Iraq `not ready` for US pull-out: Top Iraq army officer
Baghdad: Iraq`s top army officer warned on Wednesday that a pullout of all US troops by the end of 2011 was premature as the White House insisted it was on track to end combat operations this month as planned.
Lieutenant General Babaker Zerbari said American forces may be needed in the conflict-wracked nation for a further decade, in comments that called into question Washington`s policy of a phased and "responsible drawdown."
The general`s remarks, which could irk political leaders in Baghdad, came after eight of his soldiers were killed in a brazen attack that exposed shaky security here less than three weeks before US troop numbers fall to 50,000.

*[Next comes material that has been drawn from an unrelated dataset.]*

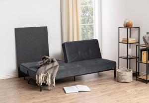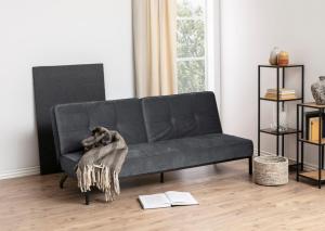 Ervaar stijl en comfort: flexibele slaapbank met praktische split-back uitklapfunctie. Bekleed met een donkergrijze stof met een tweekleurig effect en versierd met verticale stiksels, is deze slaapbank een praktische en elegante oplossing voor een multifunctionele ruimte en logeerkamer. Mocht u moe worden of overnachtende gasten ontvangen, dan kan deze bedbank dankzij het klik-klaksysteem gemakkelijk worden omgetoverd tot een bed. Afmetingen LxDxH: 198 x 95 x 87 cm Bijzonderheden: Rugleuning apart in te stellen / in te klap...

"At this point, the withdrawal (of US forces) is going well, because they are still here," Zebari told AFP on the sidelines of a defence ministry conference in Baghdad.

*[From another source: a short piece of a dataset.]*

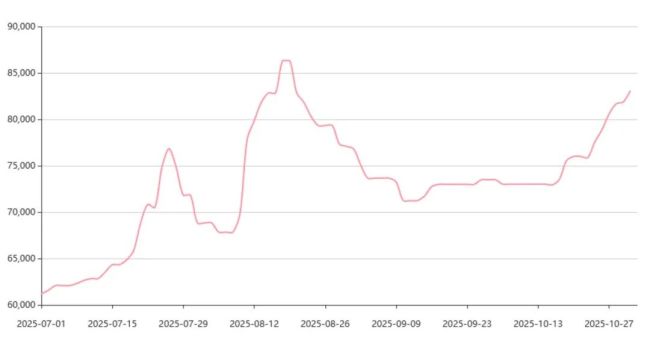 现货价格基本复制期货走势。上海钢联数据显示,8月19日电池级碳酸锂均价86500元/吨,较6月30日打的61400元/吨上涨了40.88%;之后也是快速回落-企稳-再度反弹,10月31日均价83600元/吨。

"But the problem will start after 2011 -- the politicians must find other ways to fill the void after 2011.
"If I were asked about the withdrawal, I would say to politicians: the US army must stay until the Iraqi army is fully ready in 2020."

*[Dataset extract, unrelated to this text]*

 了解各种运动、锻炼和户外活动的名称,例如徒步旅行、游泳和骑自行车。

There are now 64,000 American soldiers in Iraq, but this number is due to fall by 14,000 by the end of the month when the United States is set to declare an end to combat operations and switch to a training and advisory mission.
All American troops must leave Iraq by the end of next year, according to the terms of a bilateral security pact, and President Barack Obama has insisted that the ongoing withdrawal is on schedule and will not be altered.
White House spokesman Robert Gibbs reiterated Washington`s determination to stick to its plans, telling reporters the US was "on target by the end of the month to end our combat mission" in Iraq.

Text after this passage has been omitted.